To display an adaptive card

In the Manager, select the Attestation > Basic configuration data > Adaptive cards category.
Select the adaptive card in the result list.
Select the Change main data task.
In the Adaptive card templates menu, select a template.

This displays the adaptive card's definition in the Template field.
- To display the entire JSON code, click .

To create an adaptive card.

In the Manager, select the Attestation > Basic configuration data > Adaptive cards category.
Click in the result list.
Edit the adaptive card's main data.
Create a new template for adaptive cards.
Save the changes.
Create additional language-specific templates for this adaptive card as required and save the changes.

To use your customized adaptive card

In the Designer, edit the ATT_AttestationHelper approve anywhere process.
1. Select the Send Adaptive Card to Starling Cloud Assistant process step.
2. Edit the value of the ParameterValue2 parameter and replace the name and UID with the values of your customized adaptive card.
Save the changes.

To delete an adaptive card.

In the Manager, select the Attestation > Basic configuration data > Adaptive cards category.
Select the adaptive card in the result list.
Click in the result list.

This deletes the adaptive card and all the templates belonging to it.

Related topics

Creating, editing, and deleting adaptive cards templates for attestations

To use your own adaptive cards or to provide adaptive cards in other languages, create your own adaptive card's templates.

To create an adaptive card template

In the Manager, select the Attestation > Basic configuration data > Adaptive cards category.
Select the adaptive card in the result list.
Edit the adaptive card's main data.
Next to the Adaptive card templates menu, click .
In the Language menu, select a language for the adaptive card.

All active languages are shown. To use another language, in the Designer, enable the corresponding countries. For more information, see the One Identity Manager Configuration Guide.
In the Template field, enter a definition for the adaptive card.
- To display the entire JSON code, click .
You can use the Adaptive Card Designer from Microsoft or the Visual Studio Code Plugin to help.
Save the changes.
In the Designer, check the ATT_CloudAssistant_ApprovalAnywhere script and modify it to suit your requirements.

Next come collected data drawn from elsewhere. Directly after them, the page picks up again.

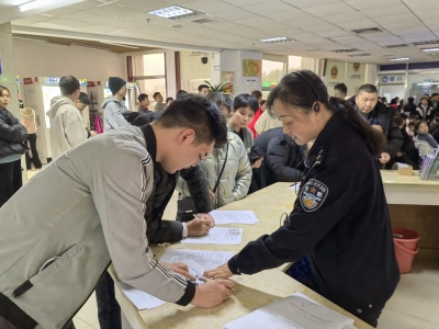 据怀化市公安局人口与出入境管理支队户政大队大队长邱隽介绍,为全力以赴应对节后办证小高峰,全市公安机关各级人口与出入境办证窗口全部提前或准时开放。上班第1天,全体民警迅速进入工作状态,以饱满的热情、认真的态度、有效的措施服务好每一位群众。
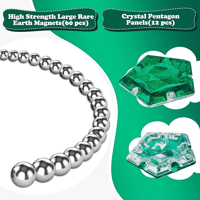 - [Holographic Glitter Panel]: Each pentagonal panel has stunning crystals and iridescent glitter, which emits dazzling iridescent when exposed to direct sunlight or lamplight. Each surface is cut into convex and concave shapes to better trigger nerve endings in fingertips and boost IQ.
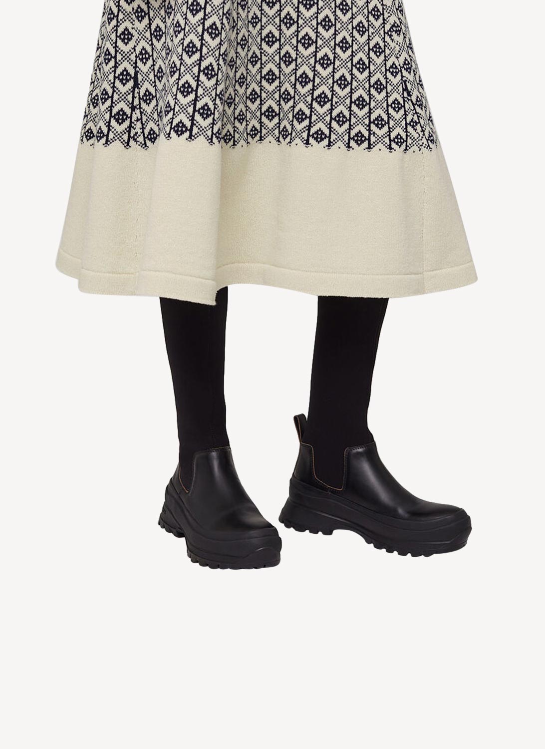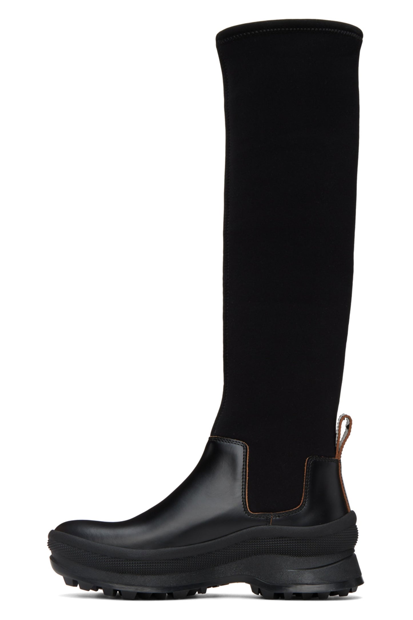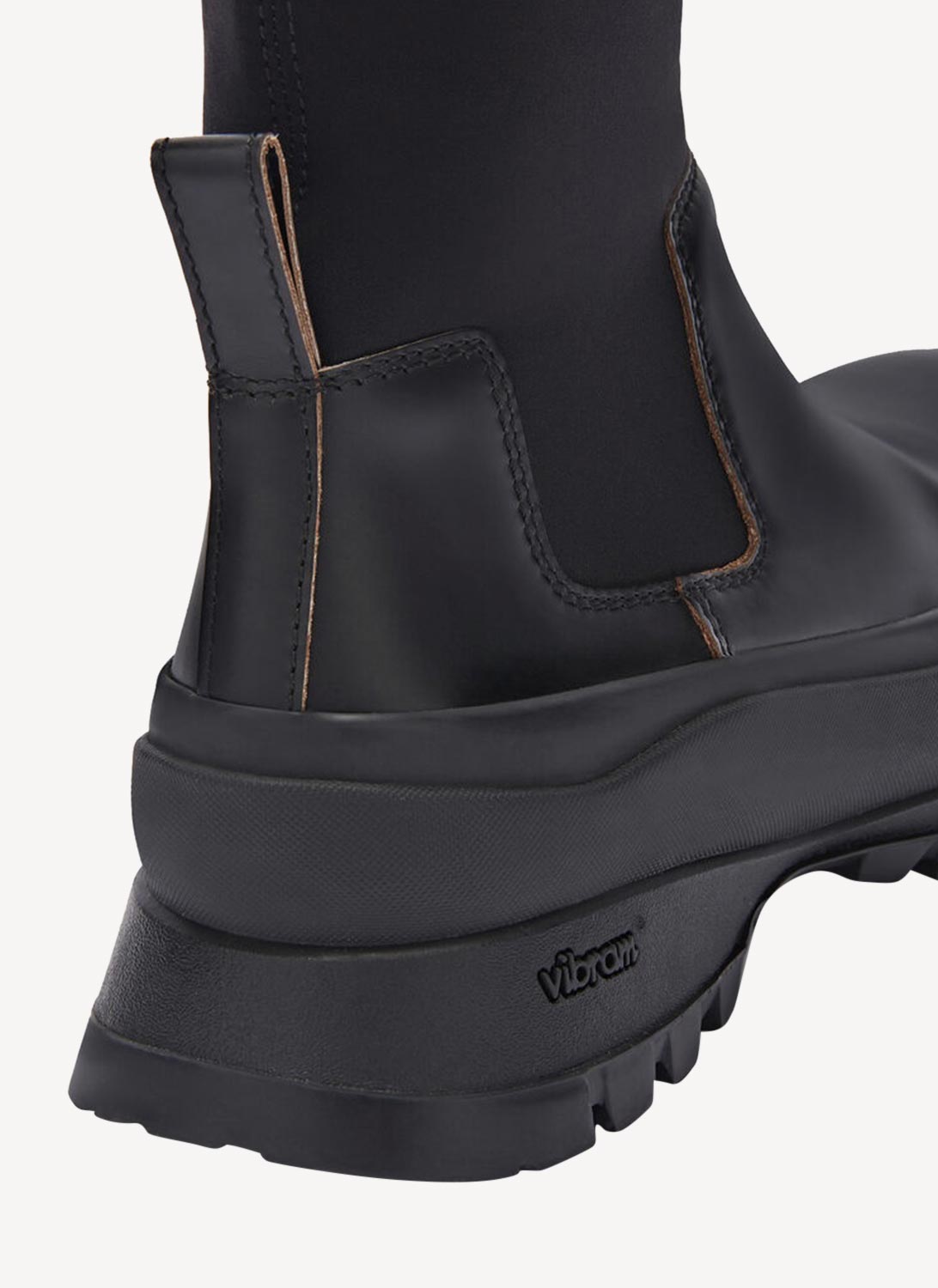Bottes hautes en cuir et daim noir, doublure en cuir, arrondies, hauteur du genoux. Semelle en caoutchouc.
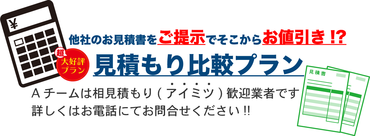 ぜひ、低価格で定評のあるAチームの見積もりと比べてみてください。
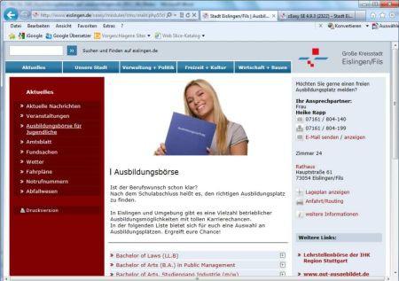 Auf der Homepage der Stadtverwaltung Eislingen gibt es dazu künftig ergänzend zu den bisherigen Informationsangeboten eine Ausbildungsbörse, auf der Ausbildungsbetriebe aus dem Kreis ihre freien Ausbildungsplätze anbieten können.
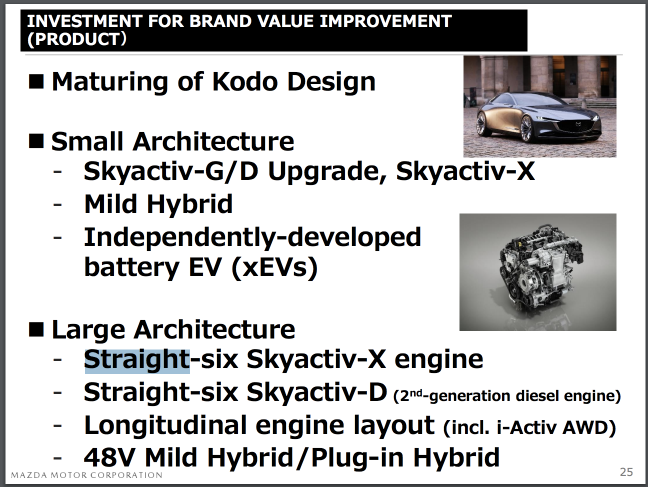 Poslední Mazdou, pod jejíž kapotou jsme mohli naleznout šestiválcový motor, byla první generace velkého SUV CX-9. Ta se však odporoučela do důchodu v roce 2015 a od té doby nabízí hirošimská automobilka své modely pouze se čtyřválci. Možná si někteří ještě pamatujete na výroky předních představitelů značky, kterak už žádné velké motory nemáme očekávat, protože jim doba nepřeje. Nicméně uběhly 4 roky a vypadá to, že všechno je jinak. Před pár dny proběhla účetní uzávěrka loňského roku, a právě na ní byl akcionářům odprezentován plán budoucího vývoje. Velmi zajímavý plán, nutno podoktnout.
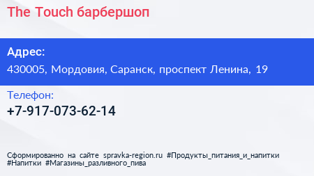 The Touch, барбершоп по адресу 430005, Мордовия, Саранск, проспект Ленина, 19 в дальнейшем Организация, размещена в следующих категориях:
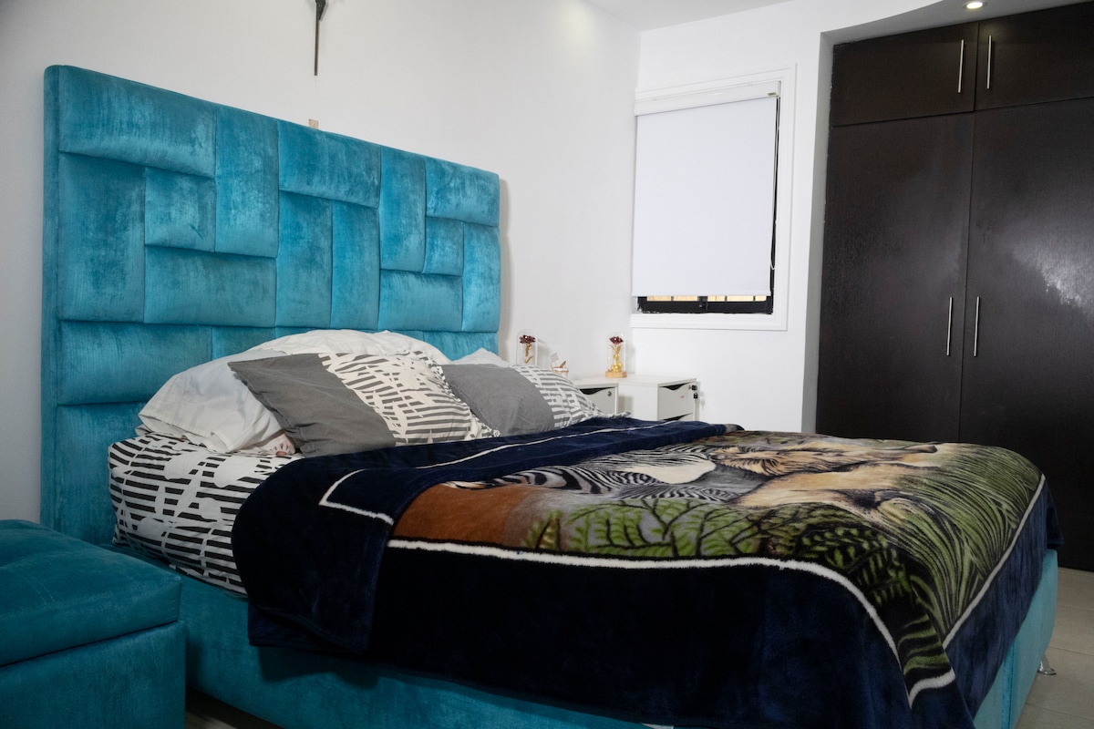 Just like at home. • 2H, 2B, living room, dining room-kitchen, patio, laundry room, covered garage. • 100 Mbps fiber optic WiFi • Double and bunk bed, A/C, closets, heater, linen, personal toiletries. • Kitchen, oven, refrigerator, appliances, utensils. Basic market (2 days). • 1360 channels, movies, series. • First aid kit. • Security cameras • Exclusive social club access (1 day). • Airport transportation ($10). • Pet Friendly. • Close to all kinds of commerce. • Host-attended. • NO SMOKING
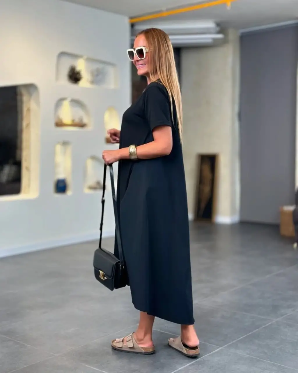 Kadın Uzun Kollu Bisiklet Yaka Yazılı Viskon Iki Iplik Elbise
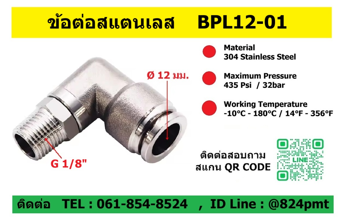 คุณสมบัติ ข้อต่อลมสแตนเลส304
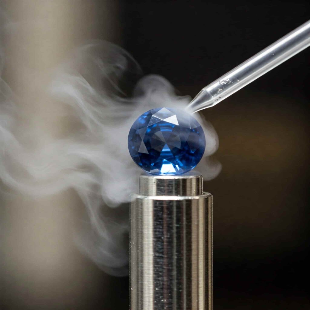 Counterfeit gems can often be identified by small imperfections within the stone. Examine the sapphire stone carefully under bright light, tilting and turning it to catch the light from all angles. Use a jeweler’s magnifying loupe to inspect the interior – if you notice any tiny air pockets or bubbles trapped inside, that’s a telltale sign that the gem is an imitation rather than a natural precious stone.
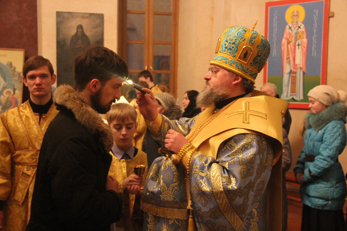 Накануне великого двунадесятого праздника Сретения Господа Бога и Спаса нашего Иисуса Христа епископ Козельский и Людиновский Никита управляющий Козельской епархией совершил праздничное всенощное бдение в Свято-Успенском кафедральном соборе города Козельска.
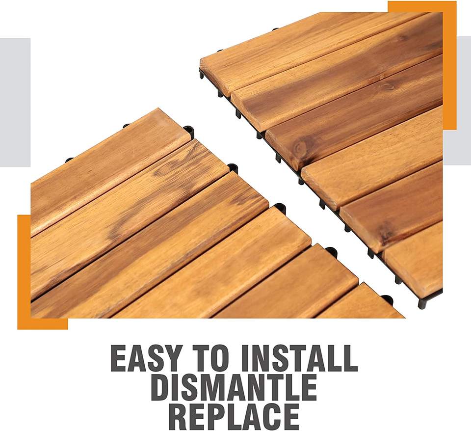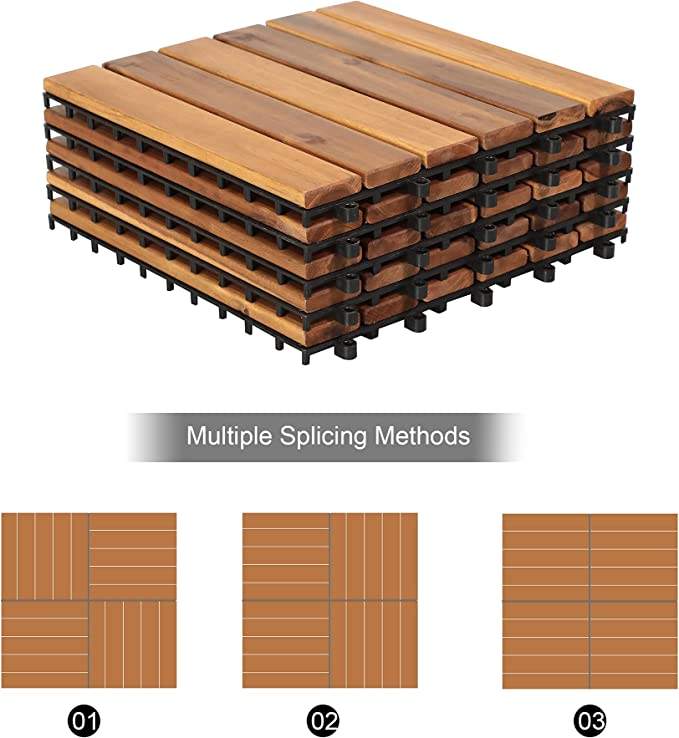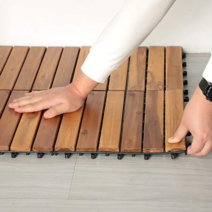 กระเบื้องอะคาเซียสำหรับปูพื้นแบบต่อประสานติดตั้งง่ายสีธรรมชาติ6แผ่น

To edit an adaptive card template

In the Manager, select the Attestation > Basic configuration data > Adaptive cards category.
In the result list, select the adaptive card whose template you want to edit.
Select the Change main data task.
In the Adaptive card templates menu, select a template.
In the Template field, edit the adaptive card definition.
- To edit the entire JSON code, click .
Save the changes.

To delete an adaptive card template

In the Manager, select the Attestation > Basic configuration data > Adaptive cards category.
In the result list, select the adaptive card whose template you want to delete.
Edit the adaptive card's main data.
In the Adaptive card templates menu, select the template.
Click next to the menu.
Save the changes.

Related topics

Deploying and evaluating adaptive cards for attestations

If an attestor is found in an approval step and this approval step has a mail template allocated to it, the ATT_AttestationHelper approve anywhere process is run. The process is generated if the following conditions are fulfilled:

The attestor is registered as the recipient in Starling Cloud Assistant.
A default email address is stored for the attestor.
The QER | Person | Starling | UseApprovalAnywhere configuration parameter is set.
An expiry date is entered in the QER | Person | Starling | UseApprovalAnywhere | SecondsToExpire configuration parameter.
The QER | Attestation | MailTemplateIdents | RequestApproverByCollection configuration parameter is not set.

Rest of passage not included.